Azor n'est pas un chien ni un prince charmant du xviiie siècle (rappelez-vous, Grétry !), c’est le surnom d'un commissaire de police, poète inadapté amoureux de Marlène, la fille du ministre de la Justice, traqué par une bourgeoise nymphomane Mme Marny et idolâtré par une voleuse à la tire, Cloclo la Panthère. S’ensuit on s’en doute un imbroglio de quiproquos, courses poursuites, situations épineuses ou invraisemblables, dignes du théâtre de boulevard le plus déjanté, d’autant plus compliquées que s’en mêle la bande à Kiki la Frisette venue chez les Marny pour les cambrioler et que tout ce beau monde se retrouve finalement chez le ministre qui donne un bal masqué pour les 20 ans de sa fille. Les répliques fusent avec cette pointe de cynisme et de grivoiserie caractéristique de l’esprit du temps — Albert Willemetz fait partie des paroliers — et l’action explose tous azimuts dans un décor simplifié à l’extrême que relèvent les beaux costumes de Denis Evrard.

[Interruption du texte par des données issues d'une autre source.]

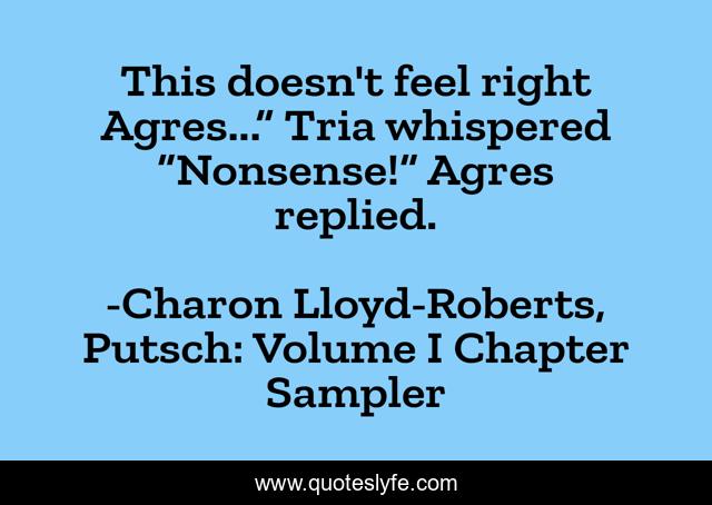 "Charon Lloyd-Roberts, Putsch: Volume I Chapter Sampler Quotes." Quoteslyfe.com, 2025. Fri. 05 Dec. 2025. <https://www.quoteslyfe.com/quote/This-doesn-t-feel-right-Agres-Tria-205664>.
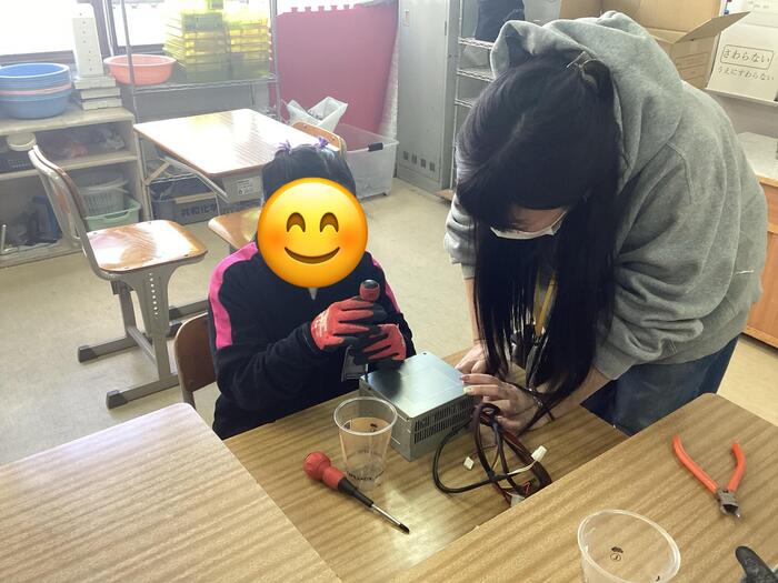 地域の作業所の方が出前授業に来ていただきました。作業内容は機械の解体でした。工具の使い方や解体の順番など丁寧に教えてくださいました。生徒たちは真剣に取り組んでいました。地域の方との交流を通して、働くことの楽しさと社会とのつながりを学ぶ貴重な経験となりました。
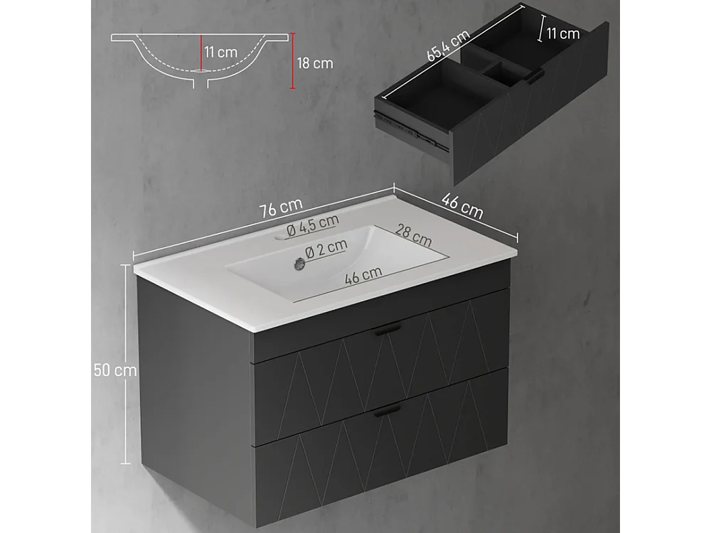 Waschtisch, Waschbeckenunterschrank Hängender Unterschrank mit Close-Schubladen

Pour faire revivre ce pur produit des années folles, Stéphan Druet a imaginé une mise en scène qui parodie tous les poncifs de la comédie musicale des années 60 et 70, de Jacques Demy à Hair, avec des passages chorégraphiés tout à fait bluffant comme ce duo entre le commissaire et le fiancé de Marlene qui ouvre les hostilités. La distribution est absolument épatante tant théâtralement que vocalement, à commencer par les vétérans de feu la Compagnie des Brigands, devenue depuis la compagnie « Quand on est trois » : Gilles Bugeaud dans le triple rôle du Brigadier, de M. Marny et de M. Dubois et Emmanuelle Goizé dans celui de la délirante Mme Marny qui sont, avec Pierre Mechanik, le prestidigitateur cambrioleur, les concepteurs du projet. Mais les petits jeunes ne sont pas en reste Fanny Fourquez en fille de famille délurée et sa parodie de Janis Joplin, Julien Alluguette en séducteur enamouré, époustouflant danseur et chanteur de bonne tenue et moins affirmée Pauline Gardel en Cloclo. Excellent également dans le rôle-titre du fonctionnaire coincé victime de son charme, Quentin Gibelin. Ça va vite, ça déménage, c’est souvent drôle, parfois surchargé et finit par peser un peu sur la longueur, surtout musicalement. En voulant arracher la partition à ses racines historiques et à la tentation de la nostalgie, Emmanuel Bex l’a rhabillée d’une orchestration jazz-rock (guitare électrique, batterie et orgue Hammond) bruyante, envahissante, un rien fatigante qui, ajoutée au climat d’hystérie, la dénature parfois jusqu'à la rendre inaudible. À peine si l’on y reconnaît çà et là un petit un air de java ou de tango et l’on est un peu soulagé lorsque les trois instrumentistes, par ailleurs excellents dans leur registre, abandonnent leurs instruments pour endosser dans le dernier tableau une partie théâtrale. C’est un peu dommage mais pas tout à fait rédhibitoire car, bien racheté par le talent des interprètes et l'inventivité de la mise en scène, cela vous fera, pour un soir de fête, un plat bien relevé sinon tout à fait réussi.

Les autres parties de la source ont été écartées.